WHAT NEEDS TO BE DONE: Send back the line that contains "查看更多 收起部分 喜欢就支持一下吧收藏" and all lines following it through the end of the data below, exactly, omitting pictures.

(Records excerpted from a collection)
_ _ _ _ _ _ _
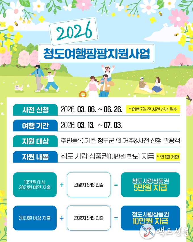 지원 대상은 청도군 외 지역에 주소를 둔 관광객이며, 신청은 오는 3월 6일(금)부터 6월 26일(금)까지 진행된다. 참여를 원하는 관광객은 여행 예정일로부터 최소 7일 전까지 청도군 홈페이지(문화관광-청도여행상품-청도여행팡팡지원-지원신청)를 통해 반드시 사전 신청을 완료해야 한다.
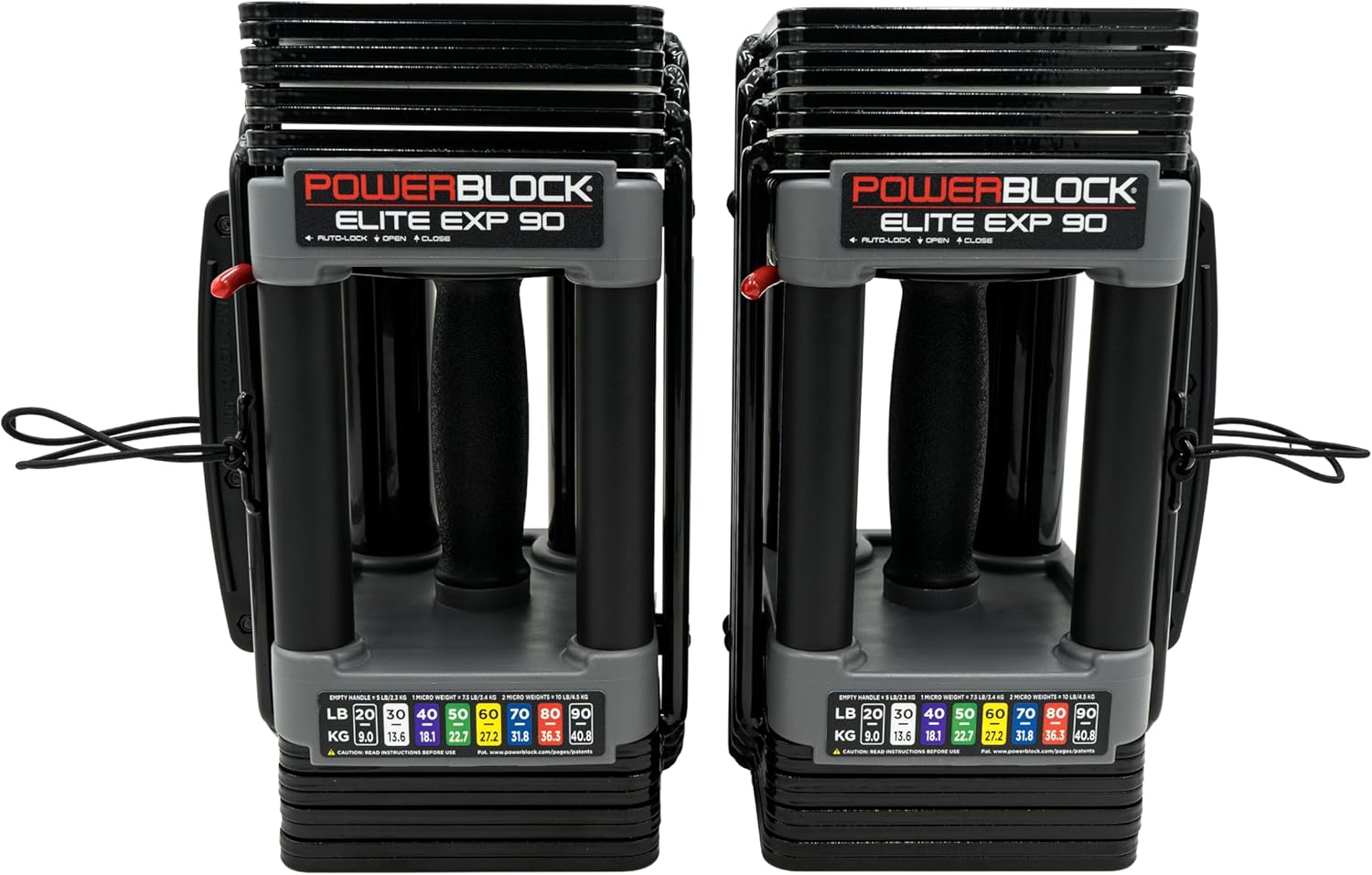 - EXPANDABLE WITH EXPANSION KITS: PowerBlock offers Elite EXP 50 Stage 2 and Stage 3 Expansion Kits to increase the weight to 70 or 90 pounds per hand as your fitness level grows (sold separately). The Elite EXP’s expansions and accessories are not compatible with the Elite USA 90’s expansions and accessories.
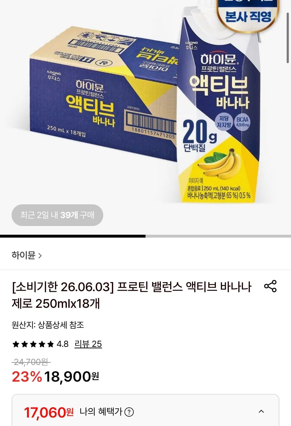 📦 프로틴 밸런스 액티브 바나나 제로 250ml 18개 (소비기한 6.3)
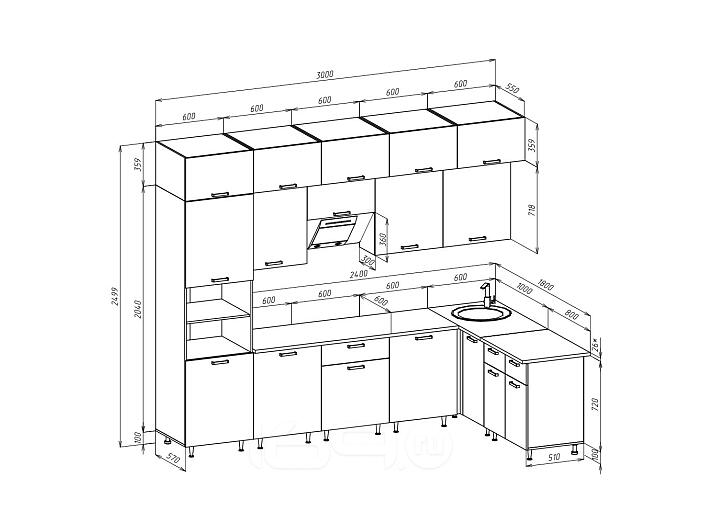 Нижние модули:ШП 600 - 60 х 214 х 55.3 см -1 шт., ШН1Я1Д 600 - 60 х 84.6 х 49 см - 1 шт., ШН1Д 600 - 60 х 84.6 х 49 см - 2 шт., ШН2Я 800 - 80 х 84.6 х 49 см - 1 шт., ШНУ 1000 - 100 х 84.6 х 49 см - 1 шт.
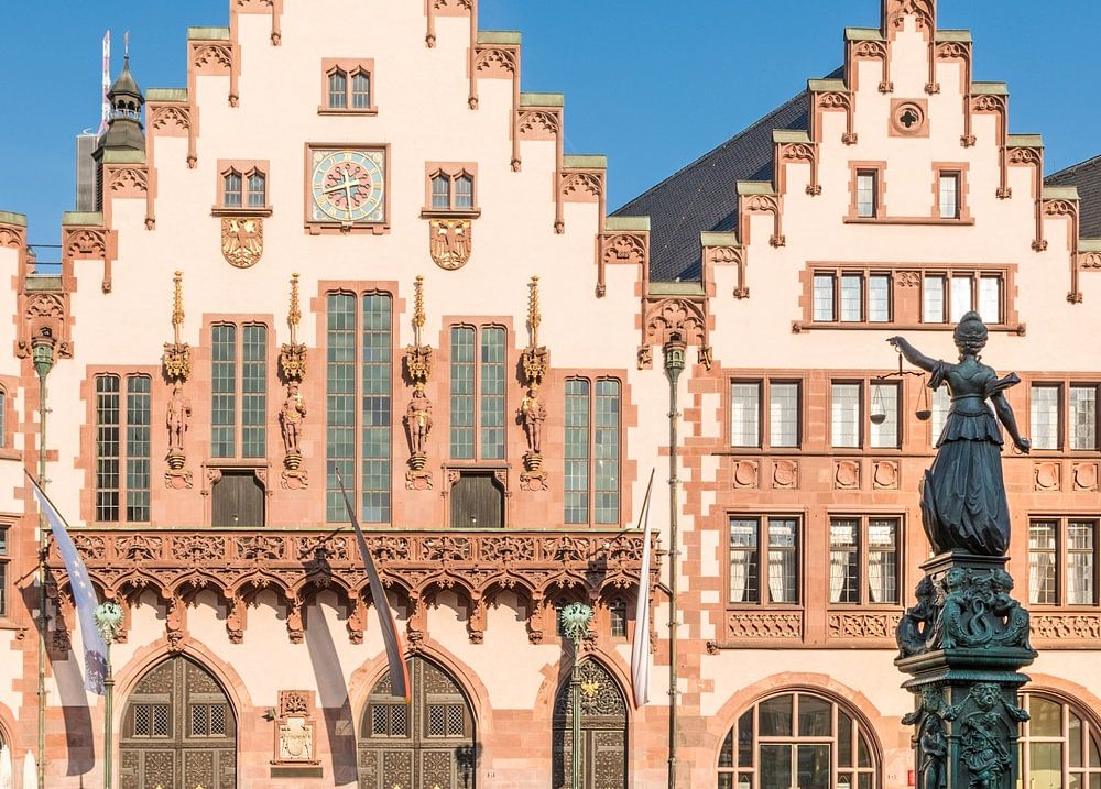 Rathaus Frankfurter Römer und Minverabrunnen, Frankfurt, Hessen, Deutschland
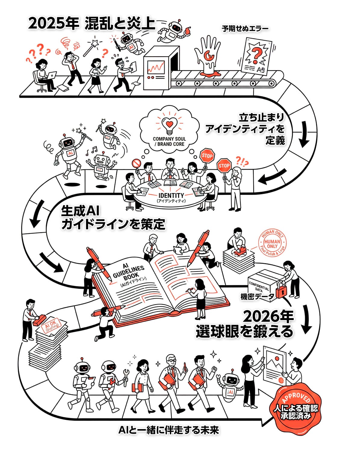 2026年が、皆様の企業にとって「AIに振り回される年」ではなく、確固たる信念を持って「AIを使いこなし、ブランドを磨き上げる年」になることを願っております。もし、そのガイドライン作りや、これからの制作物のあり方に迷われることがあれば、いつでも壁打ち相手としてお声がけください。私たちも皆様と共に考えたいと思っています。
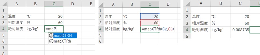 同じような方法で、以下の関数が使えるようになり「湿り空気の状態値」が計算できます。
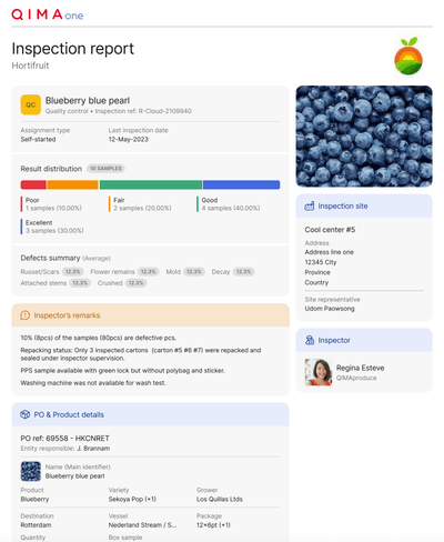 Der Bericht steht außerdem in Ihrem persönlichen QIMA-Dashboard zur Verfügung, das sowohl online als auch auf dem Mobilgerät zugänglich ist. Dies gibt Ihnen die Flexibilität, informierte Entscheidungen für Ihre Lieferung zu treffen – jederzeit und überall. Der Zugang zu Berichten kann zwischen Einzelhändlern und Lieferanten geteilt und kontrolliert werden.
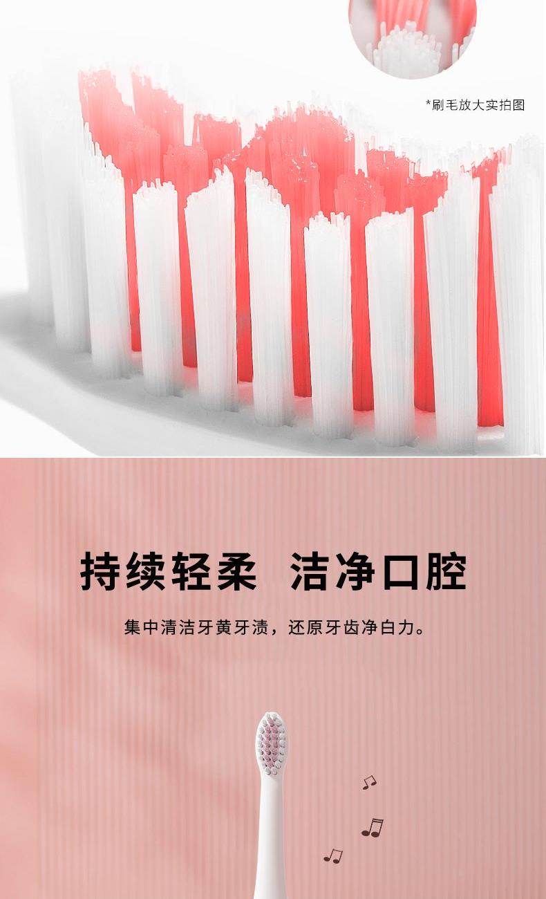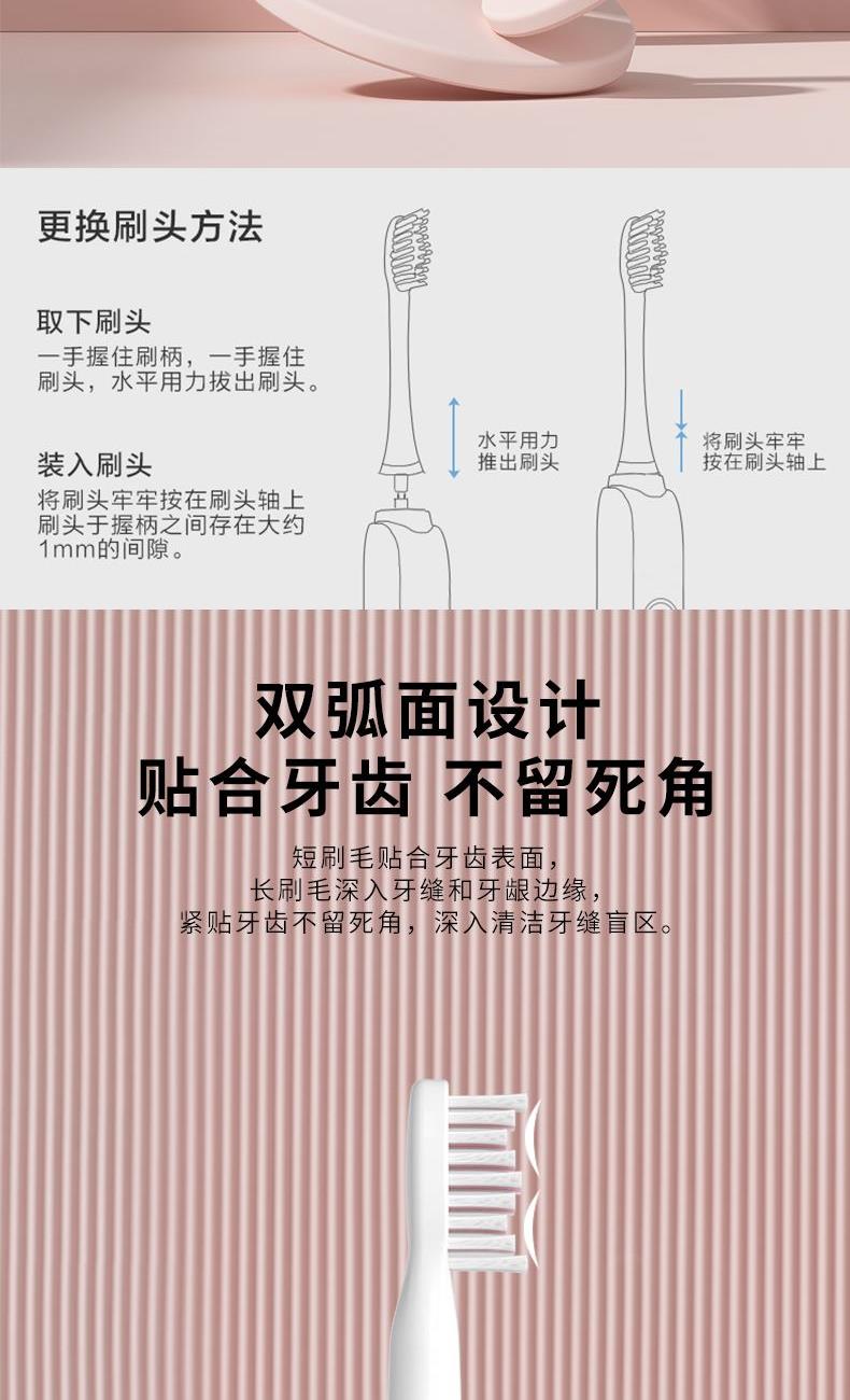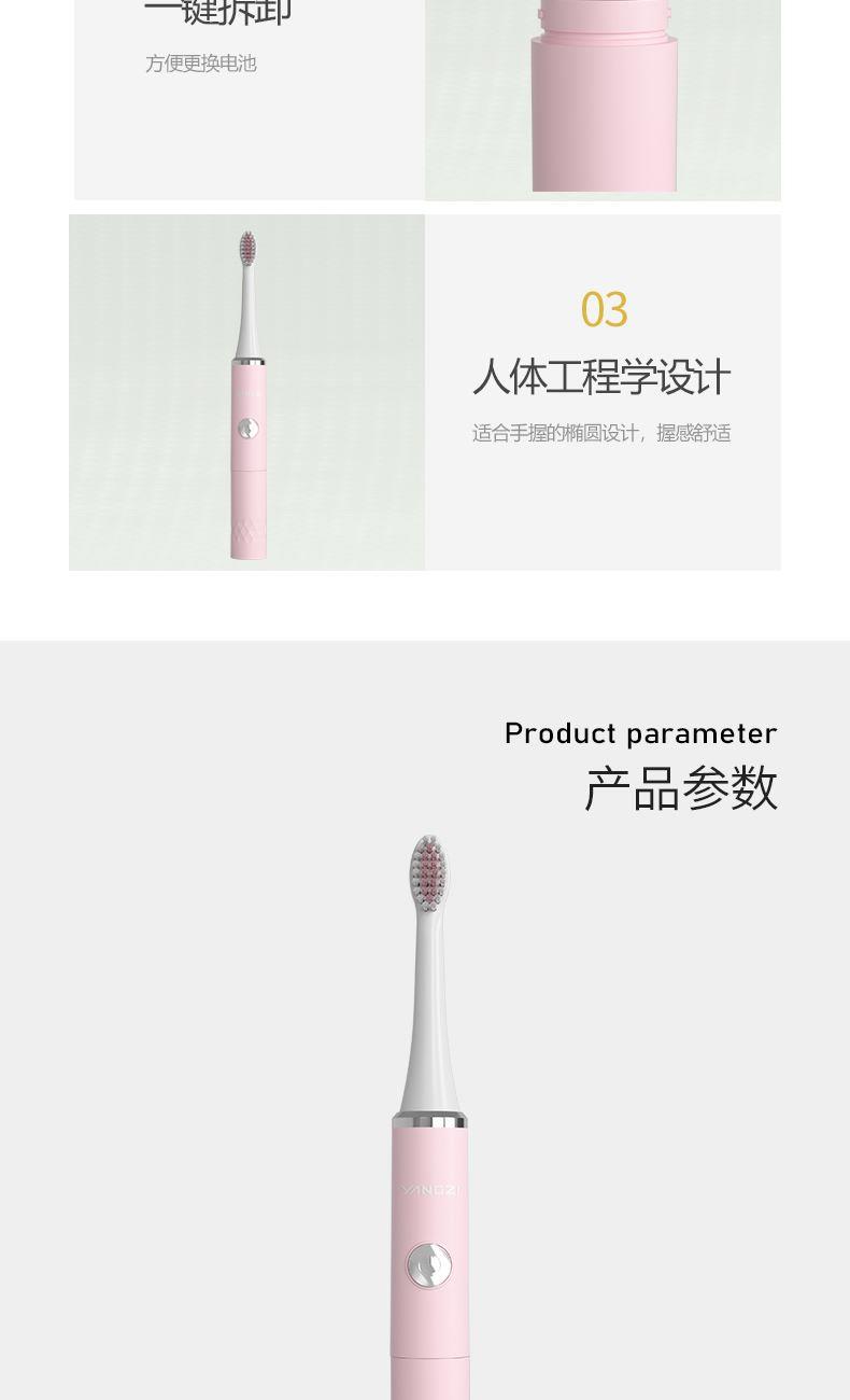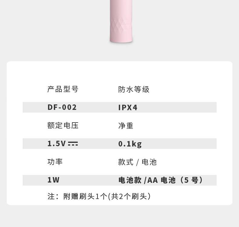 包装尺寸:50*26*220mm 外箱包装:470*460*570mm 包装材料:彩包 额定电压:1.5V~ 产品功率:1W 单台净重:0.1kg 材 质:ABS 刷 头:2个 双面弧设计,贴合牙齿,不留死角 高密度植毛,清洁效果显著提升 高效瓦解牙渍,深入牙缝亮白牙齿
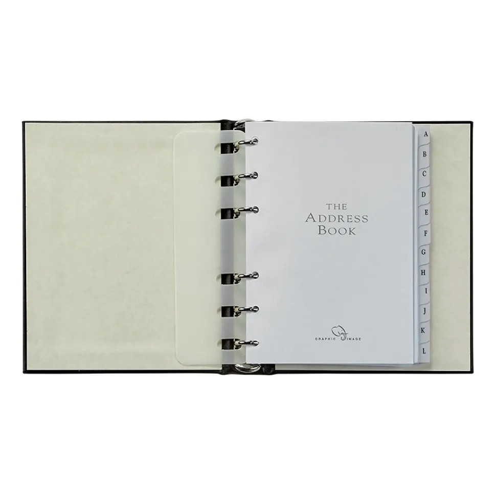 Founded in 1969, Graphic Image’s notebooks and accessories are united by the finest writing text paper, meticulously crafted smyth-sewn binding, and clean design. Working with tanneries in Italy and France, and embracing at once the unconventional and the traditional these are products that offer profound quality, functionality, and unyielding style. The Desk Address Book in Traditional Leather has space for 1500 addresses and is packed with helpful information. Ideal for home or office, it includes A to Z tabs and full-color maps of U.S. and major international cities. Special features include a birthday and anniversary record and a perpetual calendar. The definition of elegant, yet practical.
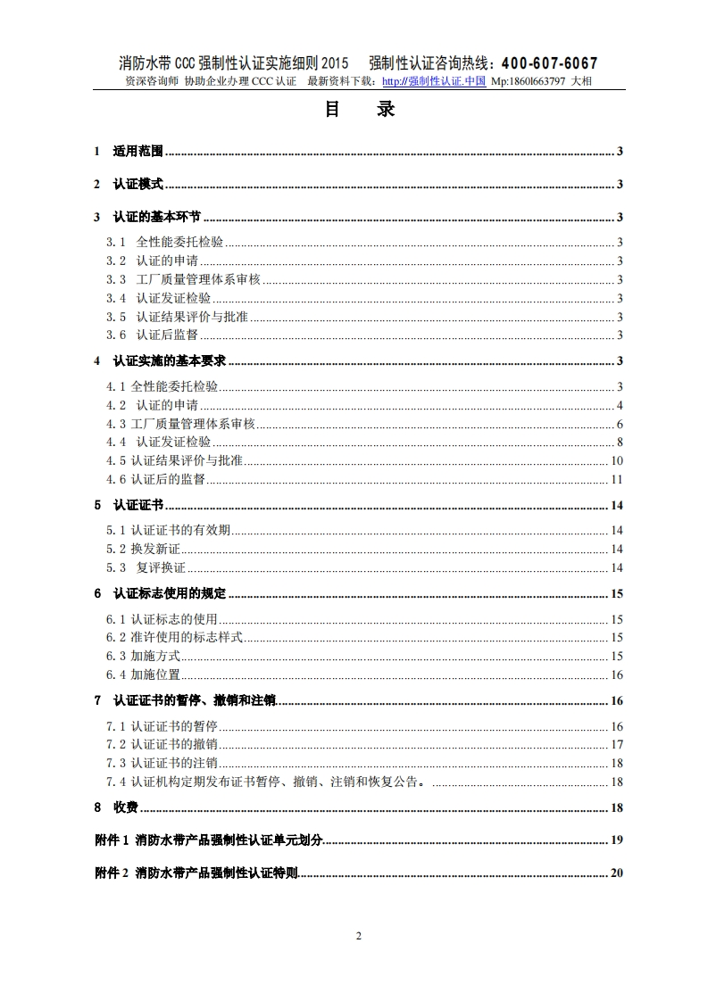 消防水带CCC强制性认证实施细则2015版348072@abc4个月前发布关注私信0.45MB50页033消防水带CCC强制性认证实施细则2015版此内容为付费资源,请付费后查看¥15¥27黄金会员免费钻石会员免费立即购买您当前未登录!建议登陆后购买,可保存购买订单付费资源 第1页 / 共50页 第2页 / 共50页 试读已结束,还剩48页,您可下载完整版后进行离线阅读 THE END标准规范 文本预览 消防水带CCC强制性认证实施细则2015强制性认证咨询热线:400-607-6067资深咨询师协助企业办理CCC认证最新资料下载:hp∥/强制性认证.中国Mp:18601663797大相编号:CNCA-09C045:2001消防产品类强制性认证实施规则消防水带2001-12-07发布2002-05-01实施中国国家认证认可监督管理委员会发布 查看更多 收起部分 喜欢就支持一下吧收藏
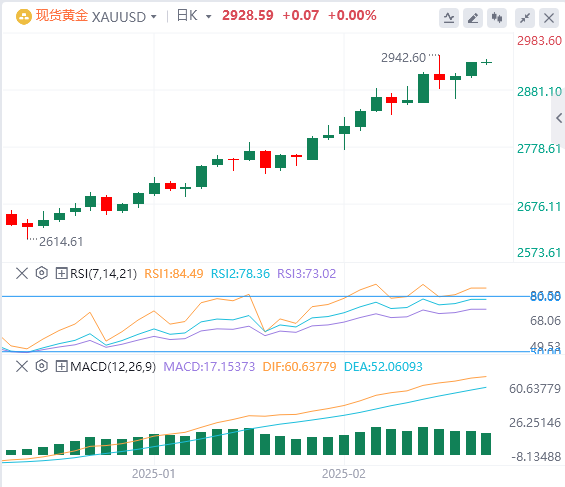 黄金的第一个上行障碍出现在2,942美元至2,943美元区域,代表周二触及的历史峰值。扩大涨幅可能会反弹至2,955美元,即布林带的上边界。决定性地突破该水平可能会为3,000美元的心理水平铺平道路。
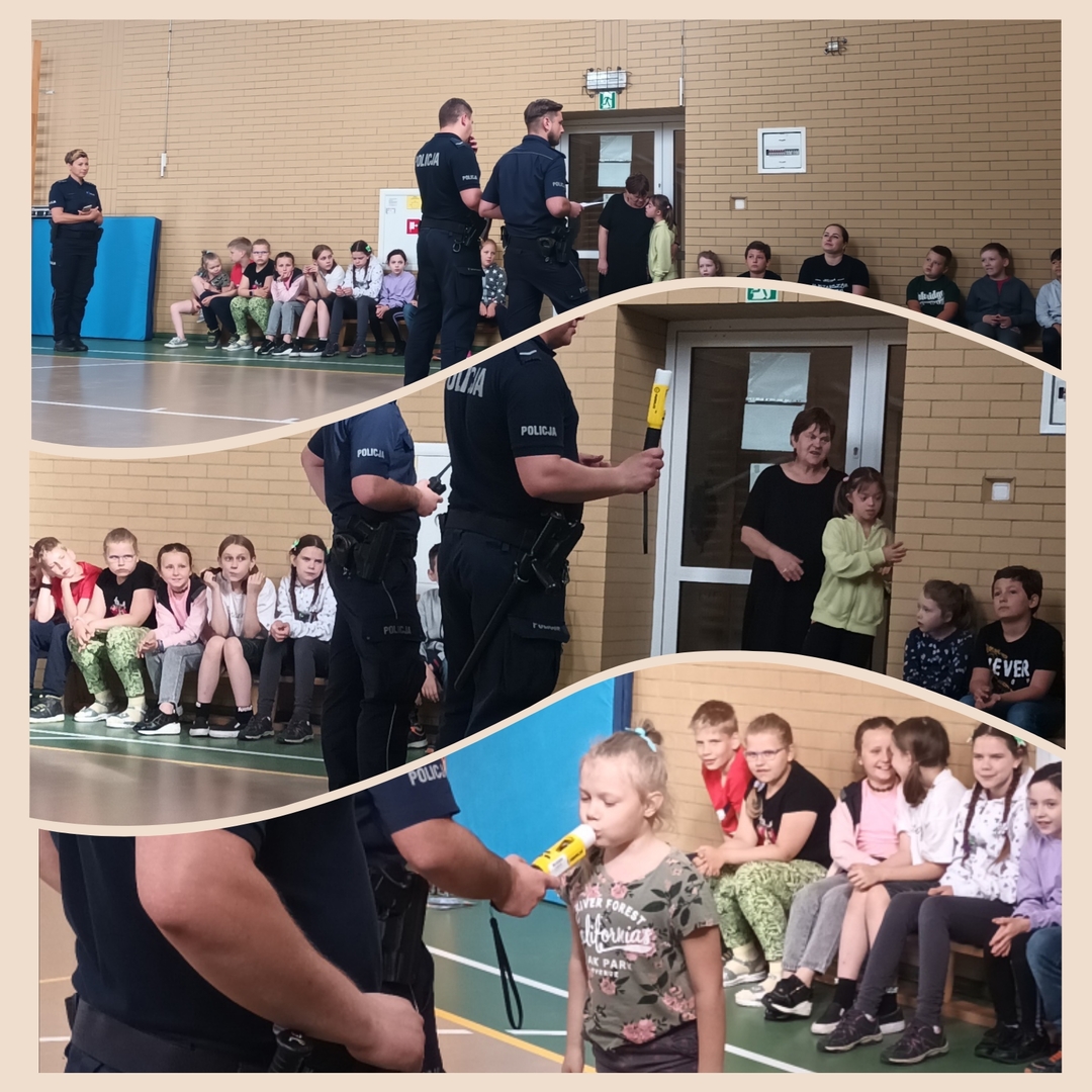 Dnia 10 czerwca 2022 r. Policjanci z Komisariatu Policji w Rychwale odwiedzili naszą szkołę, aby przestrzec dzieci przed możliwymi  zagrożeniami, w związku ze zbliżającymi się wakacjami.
_ _ _ _ _ _ _
EXERCISE RESULT:
 消防水带CCC强制性认证实施细则2015版348072@abc4个月前发布关注私信0.45MB50页033消防水带CCC强制性认证实施细则2015版此内容为付费资源,请付费后查看¥15¥27黄金会员免费钻石会员免费立即购买您当前未登录!建议登陆后购买,可保存购买订单付费资源 第1页 / 共50页 第2页 / 共50页 试读已结束,还剩48页,您可下载完整版后进行离线阅读 THE END标准规范 文本预览 消防水带CCC强制性认证实施细则2015强制性认证咨询热线:400-607-6067资深咨询师协助企业办理CCC认证最新资料下载:hp∥/强制性认证.中国Mp:18601663797大相编号:CNCA-09C045:2001消防产品类强制性认证实施规则消防水带2001-12-07发布2002-05-01实施中国国家认证认可监督管理委员会发布 查看更多 收起部分 喜欢就支持一下吧收藏
 黄金的第一个上行障碍出现在2,942美元至2,943美元区域,代表周二触及的历史峰值。扩大涨幅可能会反弹至2,955美元,即布林带的上边界。决定性地突破该水平可能会为3,000美元的心理水平铺平道路。
 Dnia 10 czerwca 2022 r. Policjanci z Komisariatu Policji w Rychwale odwiedzili naszą szkołę, aby przestrzec dzieci przed możliwymi  zagrożeniami, w związku ze zbliżającymi się wakacjami.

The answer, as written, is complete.